[EDITOR’S NOTE: I can’t think of a more perfect and beautiful way to meditate on and end, what for many, has been a difficult year. Thank you, Lisa. Here’s to a happy and healthy 2015. ~KEP, Cousin Mullet]
Normally, “inland” for me means about 100 miles from the coast of North Carolina, where the red clay shoreline gives way to sweet tea colored water, ringed by long and short leaf pines and hardwoods. Where great blue herons and beavers express their disdain at my intrusion into their home with screeches and tail slaps. Where I can paddle as long as I want to on my choice of at least four lakes or four rivers, all within a 15 to 30 minute drive.
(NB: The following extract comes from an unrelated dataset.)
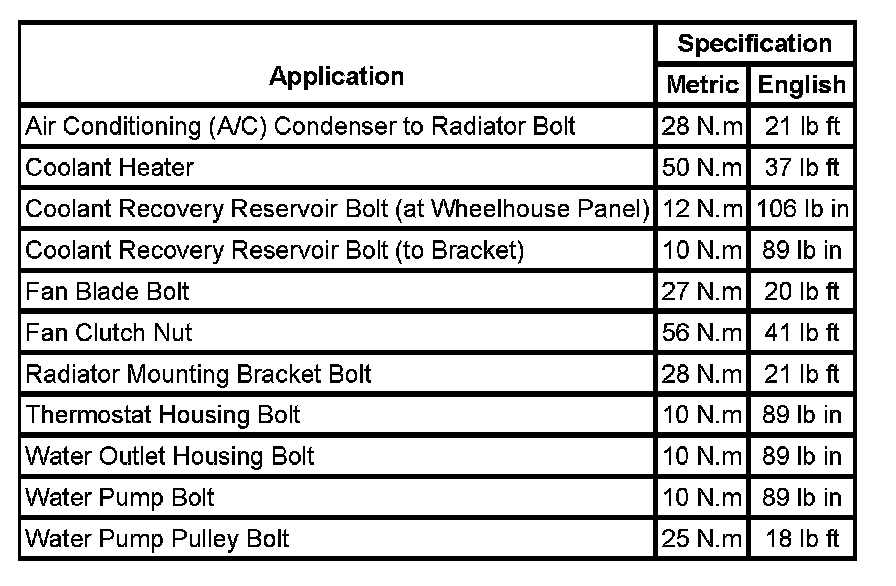 Fastener Tightening Specifications: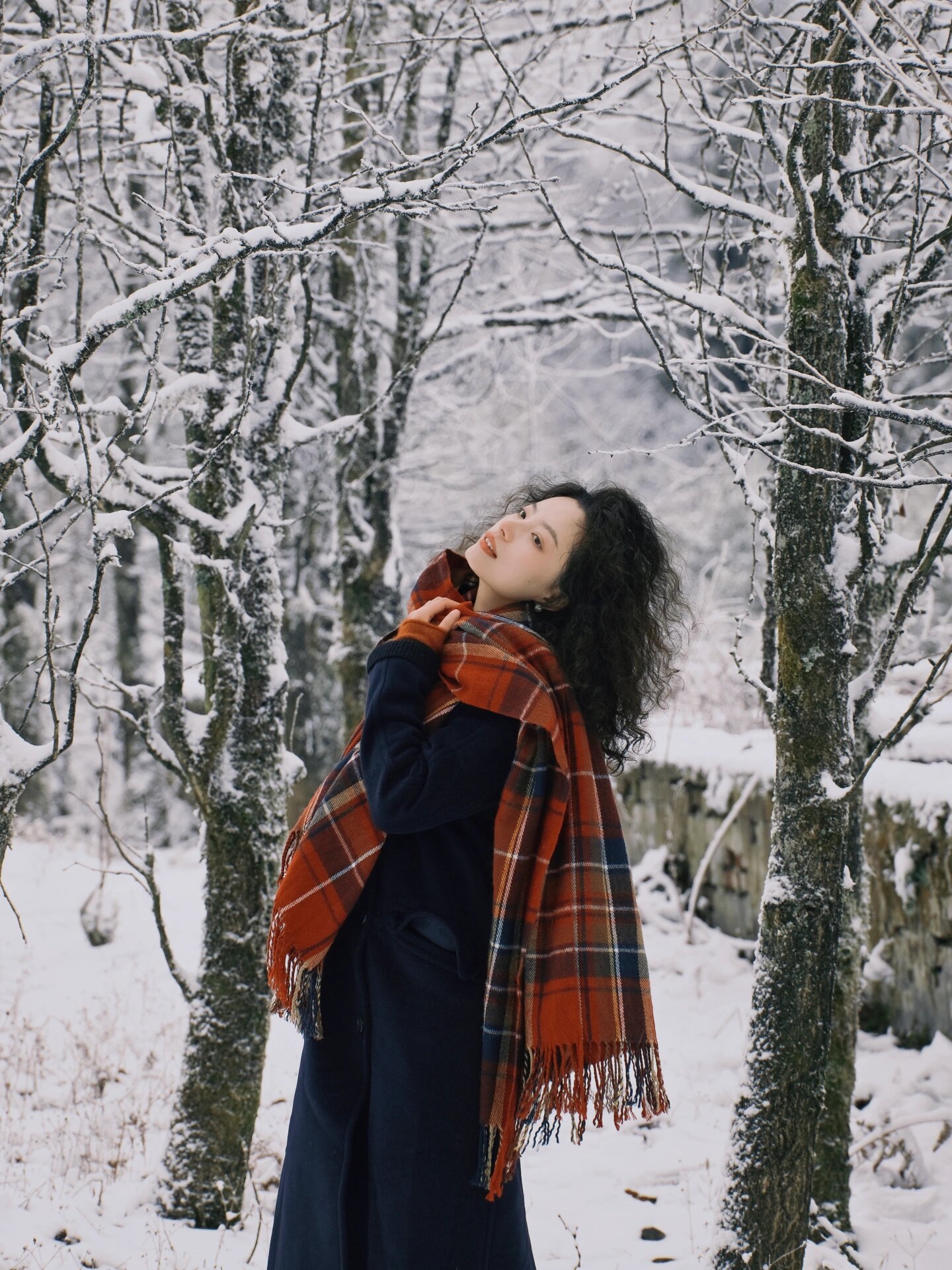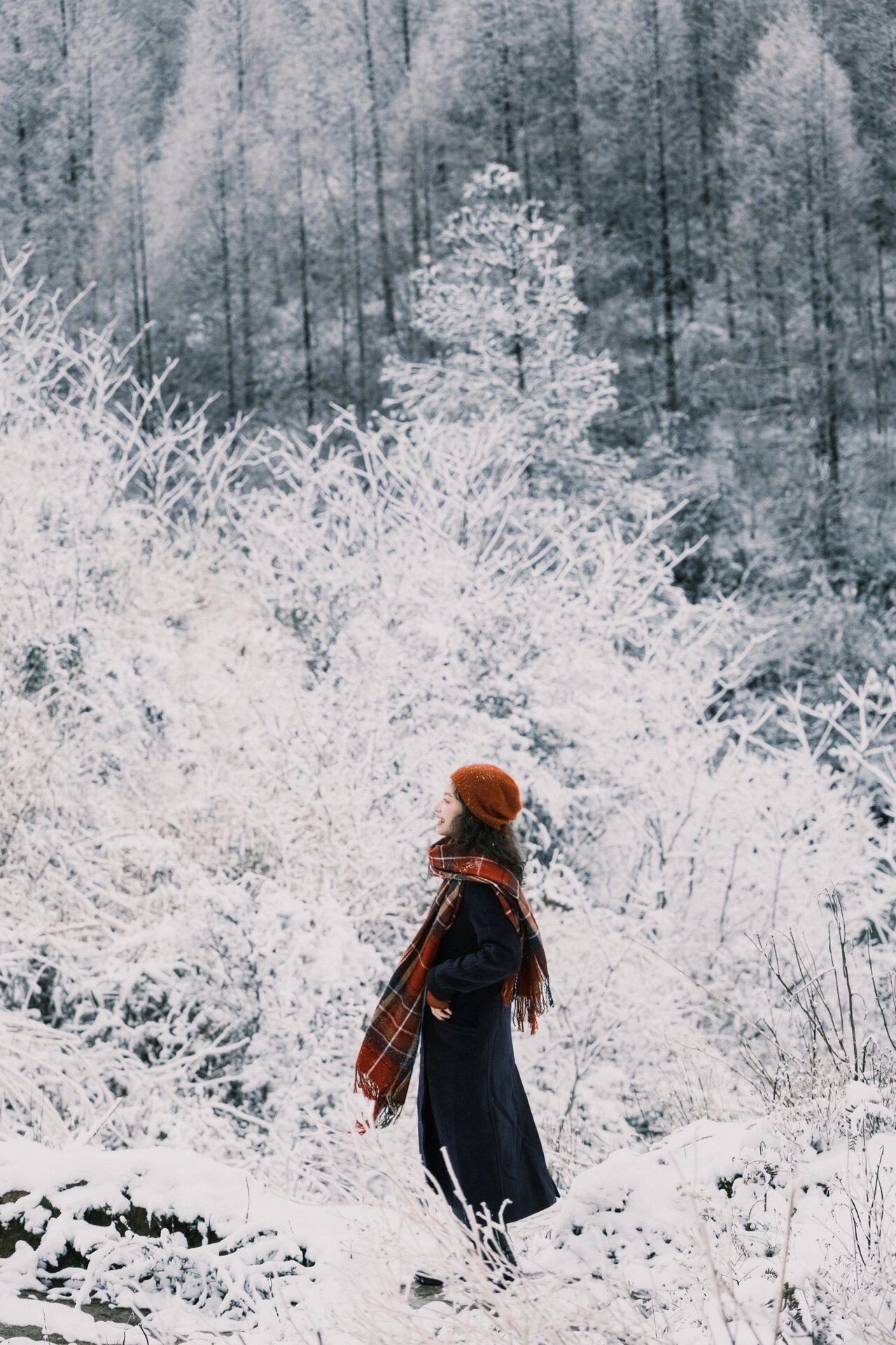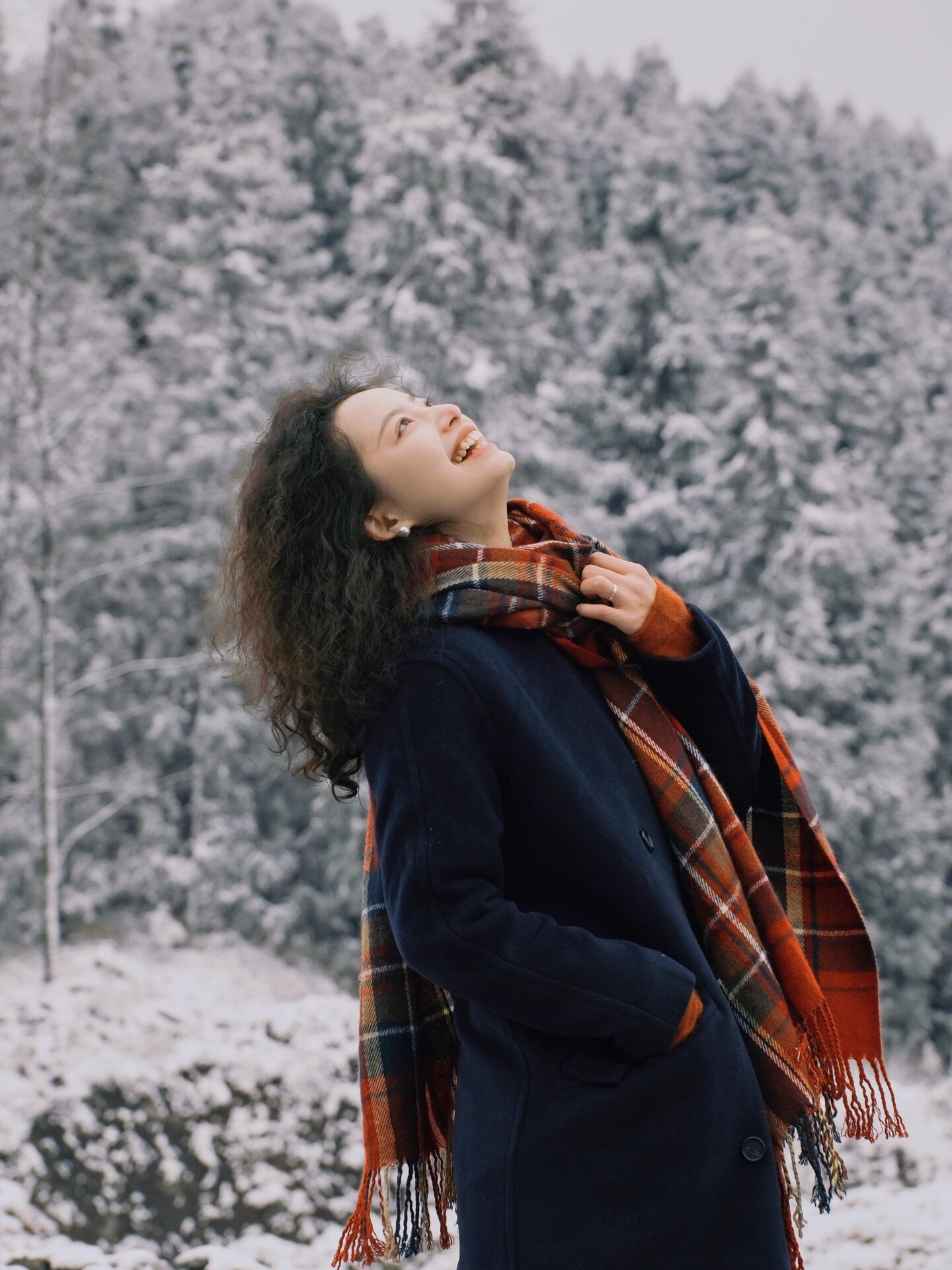 这次想拍情书同款,就搭的长大衣,带上围巾,颜色搭配的藏蓝色和红色,有几张松树的还挺有圣诞氛围的。大家用纯色大衣搭配亮眼的围巾,拍照效果都不会差的。

This Christmas, I found myself 2173.2 miles away from home, and 350 miles from the Pacific Ocean. Landlocked, but with plenty of sand. And cacti. In the Valley of the Sun- Phoenix, Arizona.
Well, Sun City, AZ to be precise. Yes, that’s right, America’s first Planned Urban Development for retirees, with more rules and regulations and do’s and don’t (mostly don’ts and can’ts) than a hospital ICU. Even the Rec Center’s Yoga Club has rules and bylaws. Yoga? There are no rules in yoga, except maybe breathe.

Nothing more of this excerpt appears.